Django Categories with subcategories

Question

I was able to show categories for Category Model (Man and Woman). Now I want to make forwarding for a category to the site with subcategory where will show subcategory with product

This is my models.py

class Category(models.Model):
    name = models.CharField(max_length=200,
                            db_index=True)
    slug = models.SlugField(max_length=200,
                            db_index=True)

    class Meta:
        ordering = ('name',)
        verbose_name = 'category'
        verbose_name_plural = 'categories'

    def __str__(self):
        return self.name

    def get_absolute_url(self):
        return reverse('shop:product_list_by_category',
                       args=[self.slug])

class SubcategoryMan(models.Model):
    category = models.ForeignKey(Category,
                                 related_name='subcategorymans')
    name = models.CharField(max_length=200,
                            db_index=True)
    slug = models.SlugField(max_length=200,
                            db_index=True)

    def __str__(self):
        return self.name

class ProductMan(models.Model):
    category = models.ForeignKey(SubcategoryMan,
                                 related_name='productsman')
    name = models.CharField(max_length=200,
                            db_index=True)
    slug = models.SlugField(max_length=200,
                            db_index=True)
    image = models.ImageField(upload_to='productsman/%Y/%m/%d',
                              blank=True)
    description = models.TextField(blank=True)
    price = models.DecimalField(max_digits=10, decimal_places=2)
    stock = models.PositiveIntegerField()
    available = models.BooleanField(default=True)
    created = models.DateTimeField(auto_now_add=True)
    updated = models.DateTimeField(auto_now=True)

    class Meta:
        ordering = ('name',)
        index_together = (('id', 'slug'),)

    def __str__(self):
        return self.name

This is my views.py file

def product_list(request, category_slug=None):
    category = None
    categories = Category.objects.all()
    products = ProductMan.objects.filter(available=True)
    if category_slug:
        category = get_object_or_404(Category, slug=category_slug)
        products = products.filter(category=category)
    return render(request,
                  'shop/product/list.html',
                  {'category': category,
                   'categories': categories,
                   'products': products})

This is my URL (in app shop)

urlpatterns = [
    url(r'^$', views.product_list, name='product_list'),
    url(r'^(?P<category_slug>[-\w]+)/$',
        views.product_list,
        name='product_list_by_category')
]

and this is my list.html

{% extends "shop/base.html" %}
{% load static %}

{% block content %}

    <ul>
        <li>
            <a href="{% url 'shop:product_list' %}">Wszystkie</a>
        </li>
        {% for c in categories %}
            <li>
                <a href="{{c.get_absolute_url}}">{{c.name}}</a>
            </li>
        {% endfor %}
    </ul>

{% endblock %}

I know I must create URL and view for detail, and show product but now I want to know what I can do to create forwarding to the subcategory (create views and URL ? )

Answer 1

I have category Man and Women.
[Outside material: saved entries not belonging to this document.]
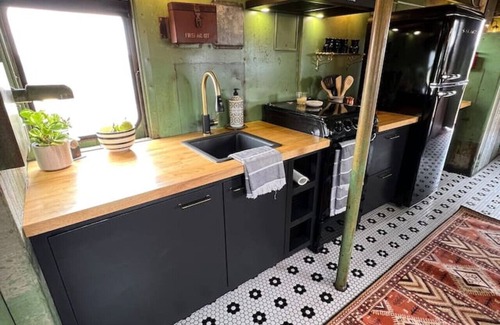 Dine outdoors on the attached patio or lounge under the stars with seating for two. Original train car stove repurposed to enjoy fire pit crackling.
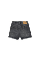 コントラストカラーのグラデーションが施されたブラックデニムのショートパンツ。裾はローカット。背中にアイコニックな縫い目。コットン100%製。
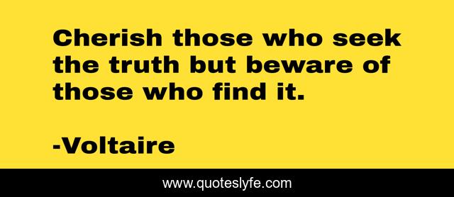 This page presents the quote "Cherish those who seek the truth but beware of those who find it.". Author of this quote is Voltaire. This quote is about denial, truths, reality, truth-hurts, truth, fear,.
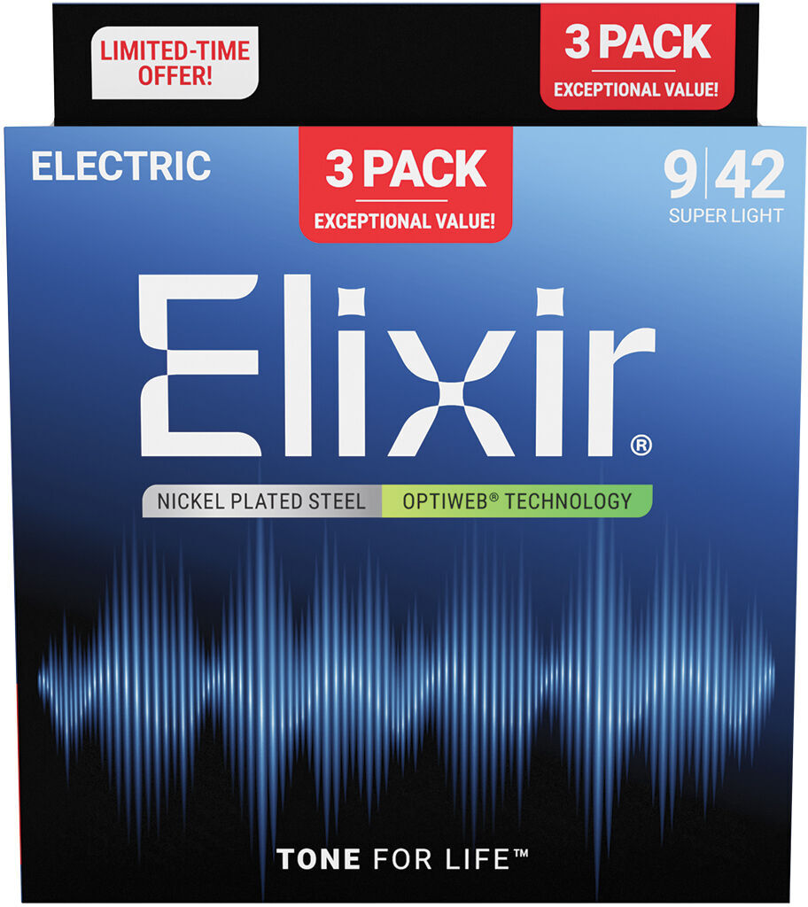 Elixir Nickel Plated Optiweb 9-42 - 3 Pack

I want to when i click on Man forwarding to new site with subcategory ( T-shirt , Shorts etc. )

This is not what happens. Your django application does not actively forward the client somewhere. In fact there is no way the server can send commands to the client. (Okay actually there are ways, but you do not need this in your use case.)

When the client clicks the link you rendered into the previous response a new page will be requested. The information which category was clicked is in the url. Django delegates that request to the correct view depending on the url to render another template. You already defined the url. Now you need a view and a template. The connection between server and client is stateless. That means your django does not know or keep track of which site the client has opened. It just answers to every single request

The django tutorial covers all the code necessary to do exactly this.

A side note: You do not have not split your categories and products into separate models for each gender. You can just create a model Product with a field gender which enables you to filter every "man category" on the content of this field. Like this:

GENDER_CHOICES = (
    ('man', 'man'),
    ('woman', 'woman'),
    ('kids'), 'kids'),   # yeah that's not a gender but you could want to have this
)

class Product(models.Model): 
    category = models.ForeignKey(Category, related_name='product')
    name = models.CharField(max_length=200, db_index=True)

    # all the other product fields

    gender = models.CharField(max_length=30, choices=GENDER_CHOICES)

If want only the man products in your view you could then filter it like this:

man_products = Product.objects.filter(gender='man')

or this:

# get all men's shoes from the database
man_shoes = Product.object.filter(gender='man', category__slug='shoes')